Mixed Precision DNNs: All you need is a good parametrization

Authors: Stefan Uhlich, Lukas Mauch, Fabien Cardinaux, Kazuki Yoshiyama, Javier Alonso Garcia, Stephen Tiedemann, Thomas Kemp, Akira Nakamura

ICLR 2020 | Conference PDF | Archive PDF | Plain Text | LLM Run Details

Reproducibility Variable Result LLM Response
Research Type Experimental We confirm our findings with experiments on CIFAR-10 and Image Net and we obtain mixed precision DNNs with learned quantization parameters, achieving state-of-the-art performance.
Researcher Affiliation Industry Stefan Uhlich , Lukas Mauch , Fabien Cardinaux , Kazuki Yoshiyama Javier Alonso García, Stephen Tiedemann, Thomas Kemp Sony Europe B.V., Germany firstname.lastname@sony.com Akira Nakamura Sony Corporate, Japan akira.b.nakamura@sony.com
Pseudocode Yes The following code gives our differentiable quantizer implementation in NNabla (Sony). The source code for reproducing our results will be published after the review process has been finished.
Open Source Code No The source code for reproducing our results will be published after the review process has been finished.
Open Datasets Yes We confirm our findings with experiments on CIFAR-10 and Image Net.
Dataset Splits Yes Fig. 4 shows the evolution of the training and validation error during training for the case of uniform quantization.
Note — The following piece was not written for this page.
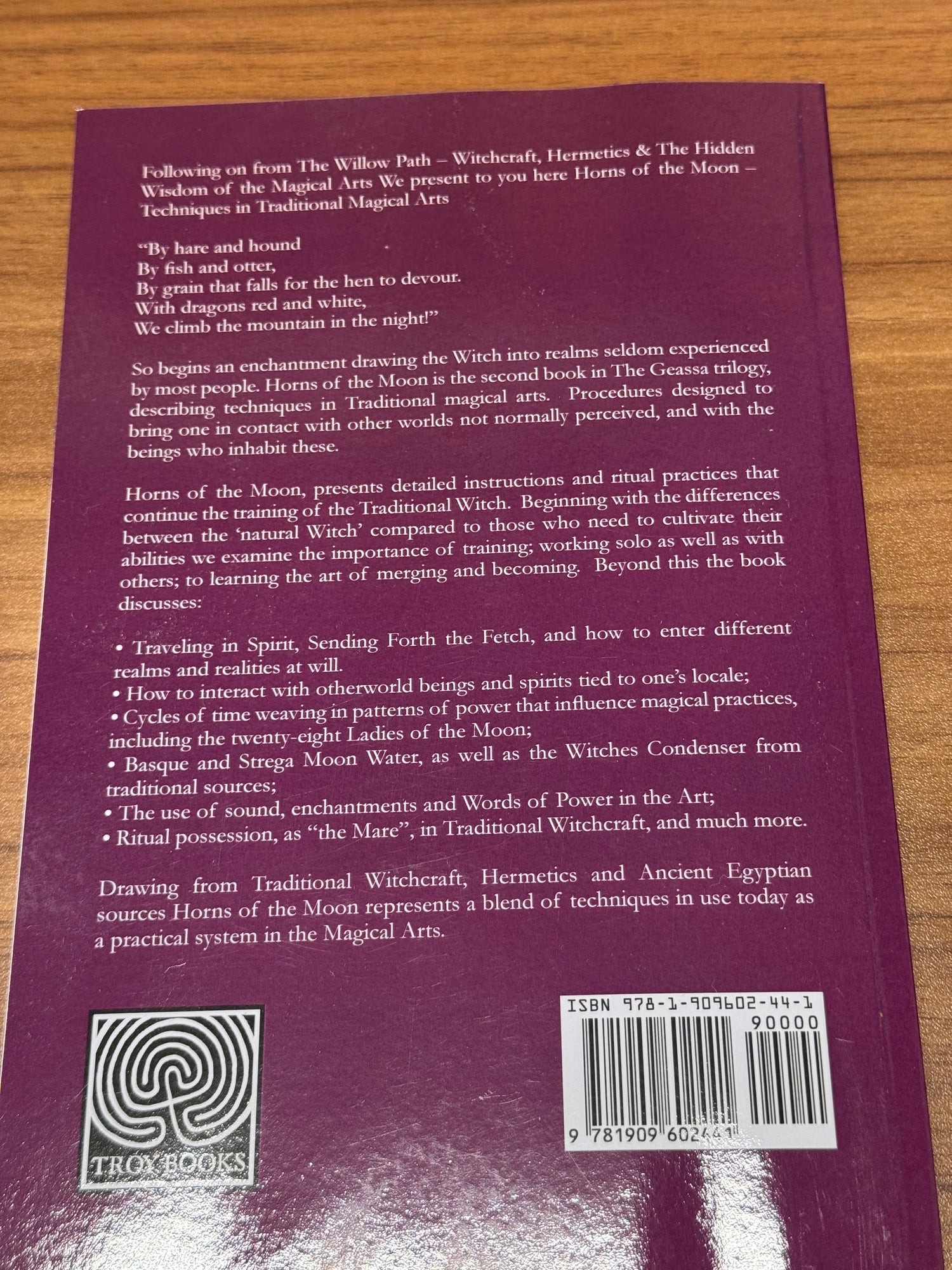 So begins an enchantment drawing the Witch into realms seldom experienced by most people. Horns of the Moon is the second book in The Geassa trilogy, describing techniques in Traditional magical arts. Procedures designed to bring one in contact with other worlds not normally perceived, and with the beings who inhabit these.

The plots for power-of-two quantization can be found in the appendix (Fig. 10). We initialize this network from random parameters or from a pre-trained float network.
Hardware Specification Yes Each epoch takes about 2.5 min on a single GTX 1080 Ti.
Software Dependencies No The following code gives our differentiable quantizer implementation in NNabla (Sony).
Experiment Setup Yes The quantized DNNs are trained for 160 epochs, using SGD with momentum 0.9 and a learning rate schedule starting with 0.01 and reducing it by a factor of 10 after 80 and 120 epochs, respectively. We use random flips and crops for data augmentation.